Llama 2 is a family of pre-trained and fine-tuned large language models (LLMs)released by Meta AI in 2023. Released free of charge for research and commercial use.

There are several state of the art models releasing everyday and i would encourage you to look around the leaderboard by UC Berkley, which at the time of writing this blog looks something like this

As you can see, GPT4 models are at the top. However, for the purpose of this tutorial I will be using the llama2 model.

llama2 is available on hugging face , a platform to find machine learning models, datasets and research papers. Here, we are using the shards version of the Llama2 instead of the actual, base model.

Sharding of a language model simply means dividing the large model into smaller pieces called shared where each shard is a self contained host.

The idea is when you have a single GPU or limited RAM, we load each shard one by one thus offloading the memory requirments

Getting started

While there are several steps involved in fine tuning a language model, the normal strcuture still remains the same

  1. We gather the text data that we want to use in order to fine tune our model. Often, this data is a collection of highly curated articles, conversations or any other form of character sequences specific to the use cases. Researchers use publicly available sources to scrape the data, they use high quality conversations or sometimes even make use of language model to generate the training data

  2. After the data is generated, we use the language model that we want to finetune. A lot of open source models are available to download locally if you want to tailor your model to a specific use case where security is a concern and the confidentiality has to be maintained. You can also get the models from hugging face hub via an API, more on that later

  3. Once we have the dataset ready, we use tokenizers to convert our dataset into chunks which are interpretable by language models

  4. We then apply fine tuning techniques and use the training data to update the weights and biases of our model to get the fine tuned data ready. There are several platforms and libraries such as hugging face and langchain that make this process a whole lot easier

Take a minute to familiarize yourself with the hugging face interface as we will be using it frequently throughout the course of this blog and sign up for a free hugging face account as well

After you are done signing up, go to your profile and generate an access token using the access tokens tab

These tokens are used for authentication purposes whenever we use hugging face via an API!

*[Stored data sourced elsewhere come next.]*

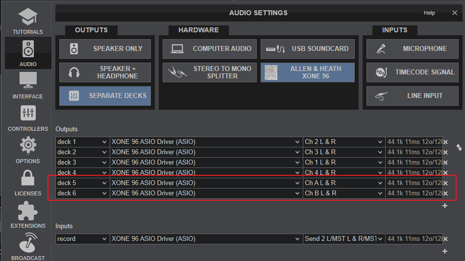 Below is an example of Audio Setup sending 6 Decks to Mixer Channels 1 to 4 and A to B.
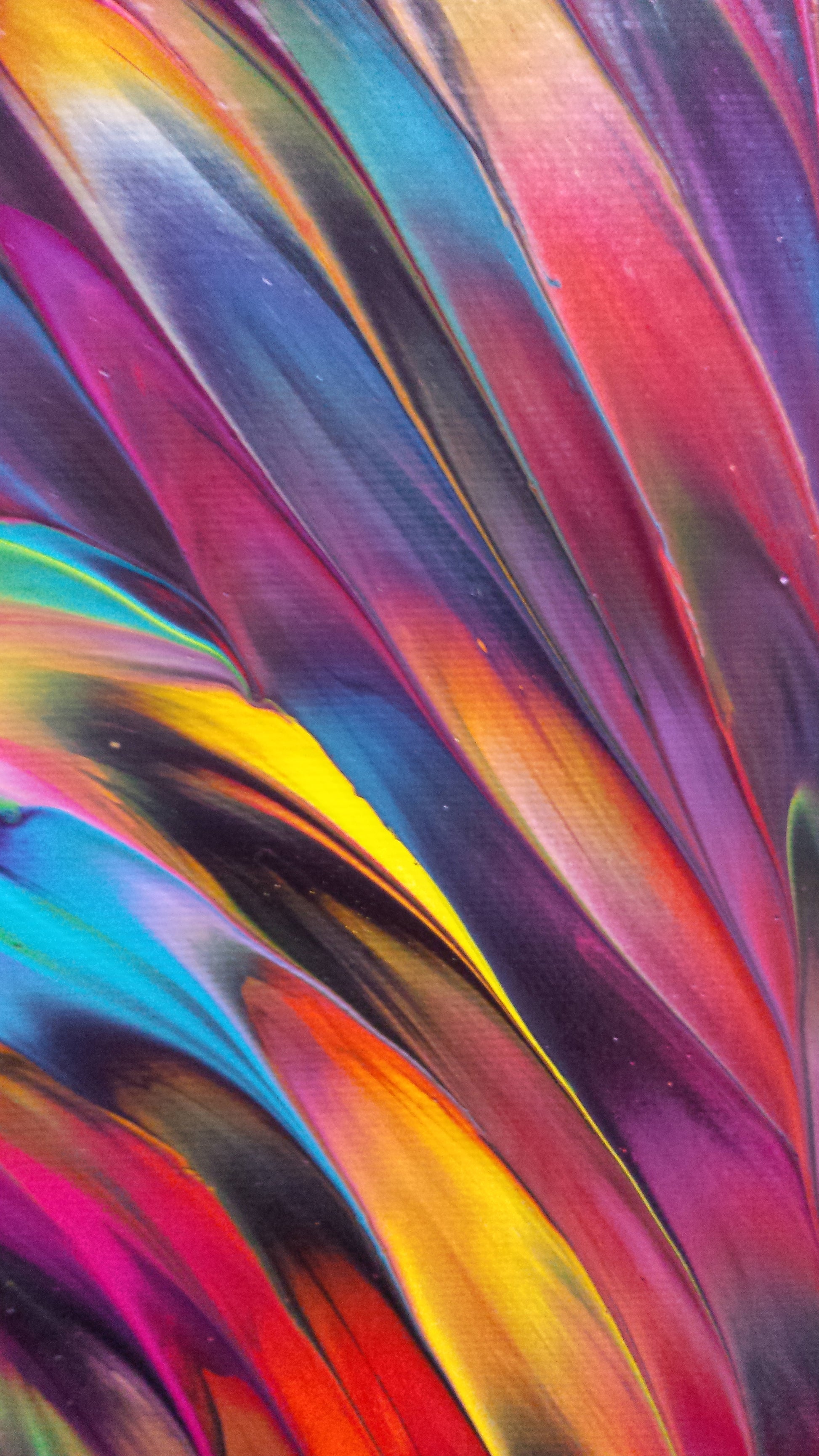 "Tropical Blaze" is an original colorful abstract painting with beautiful, rich colors. Bold reds, magenta, and different tones of violet infuse this painting with a luxurious element. The color purple is often associated with royalty, nobility, luxury, power, and ambition. Black and blue provide complementary contrast against the warm colors; the yellow and orange hues brighten up the piece. This eye-catching, unique focal point will stand out in any contemporary space. I hope it serves as a wonderful conversation piece that brings joy to other people's lives through the influential effect of color therapy and color psychology.
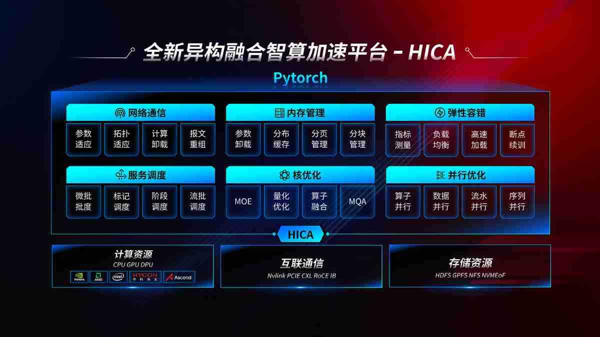 通过自研的服务层、、、中间适配层、、、、以及调度编排算法,,,采用数据并行、、模型并行等多种并行方式,,把并行计算任务进行有效的分解,,,,使其分别由相应的软件栈和算力资源来承接。。。当GPU资源变化,,,,HICA可以实时动态调度计算子任务并调整模型拓扑和架构,,,,以充分聚合各种算力资源。。。。
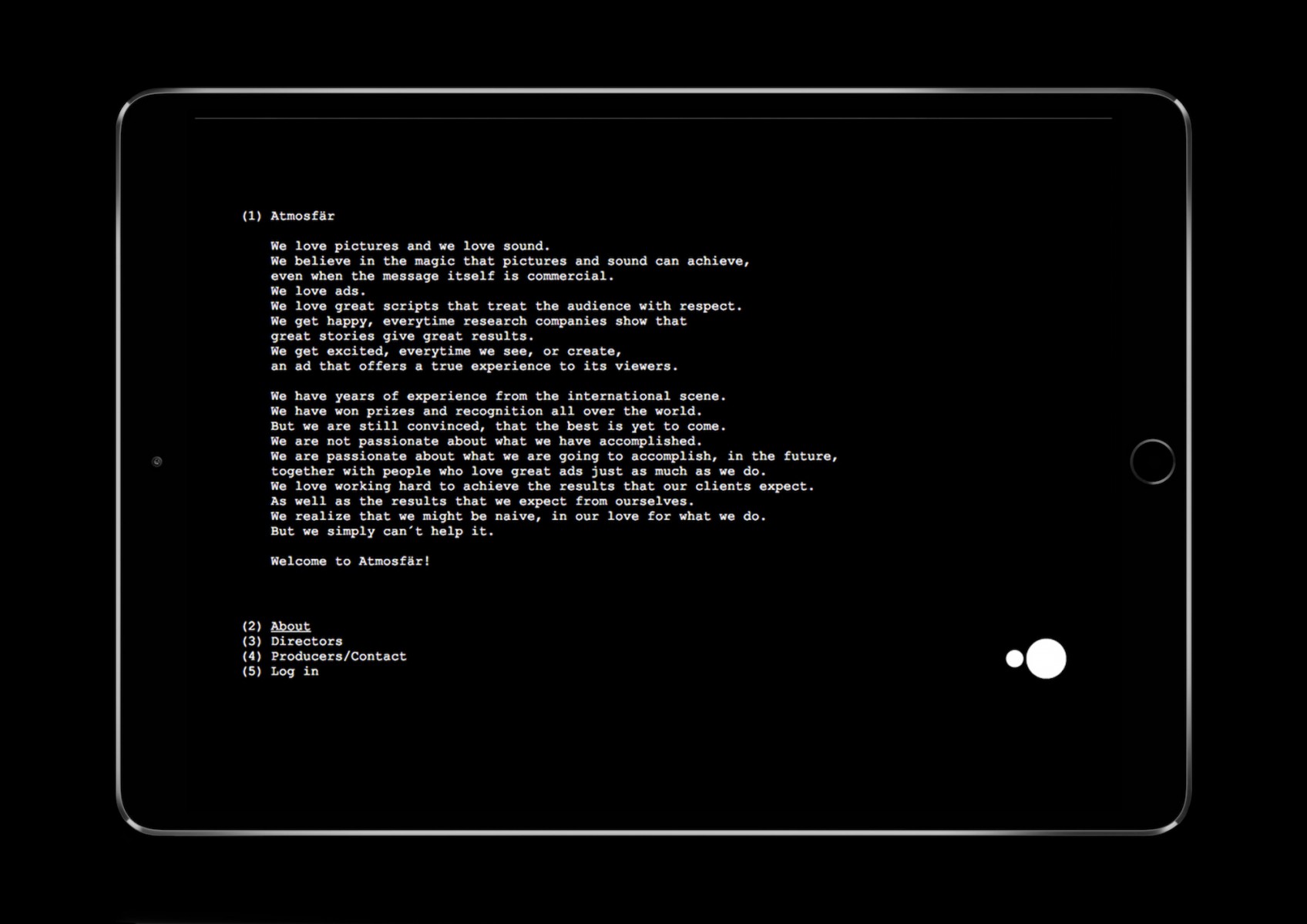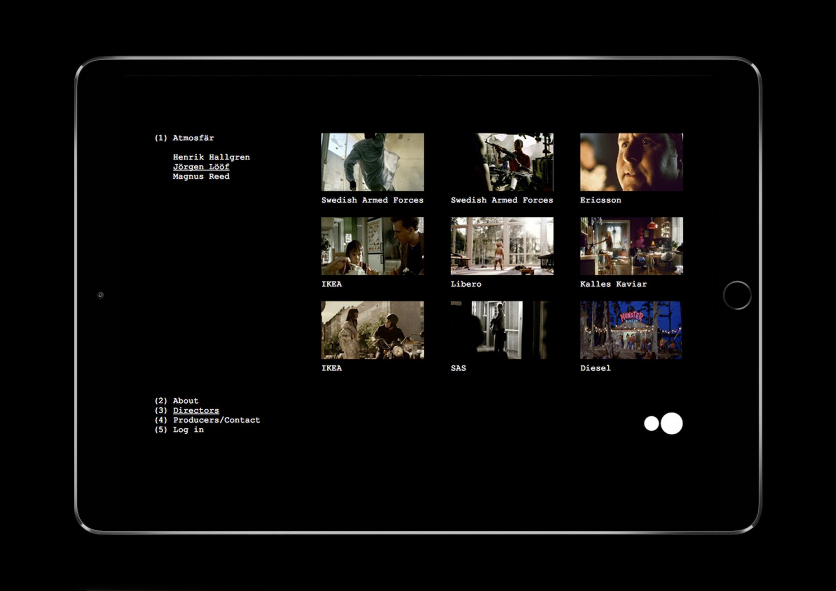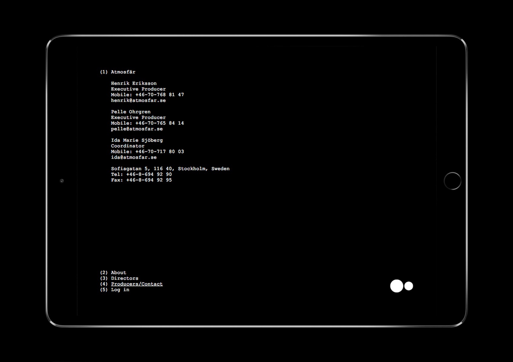 Identitet och hemsida för filmproduktionsbolaget Atmosfär Produktion. Logotype, symboler, typografi, förpackningar, trycksaker, stationery m.m.

Generating corpus for fine tuning

In order to fine tune the data, we need some really high quality data. You can find several datasets on the hugging face hub

If you want to use custom datasets, it is awfully easy to create one. I will be sharing how i created my own custom dataset consisting of scary stories gathered from reddit.

I used PRAW library in python that makes scraping the reddit data easy

Creation of a custom dataset

PRAW Installation

PRAW can be installed using:

python3 -m venv ./venv
pip3 install praw

import praw
import os

After installing praw, use your reddit credentials, namely, your client id and your client secret key which can be found on the reddit

click on this option and you should have your own client id and secret key soon. Use this to connect to the reddit instance

def initialization():
    global reddit
    reddit = praw.Reddit(**reddit_credentials)
    return(reddit)

# Call the initialization function to initialize the Reddit instance
initialization()

if reddit instance is not initaized properly, you might get the value true here instead. In that case, it is reccomended to check your authentication credentials properly. Now that the instance has been initalized, let us begin scraping the data

For my data, I want the top 350 posts from the r/nosleep subreddit.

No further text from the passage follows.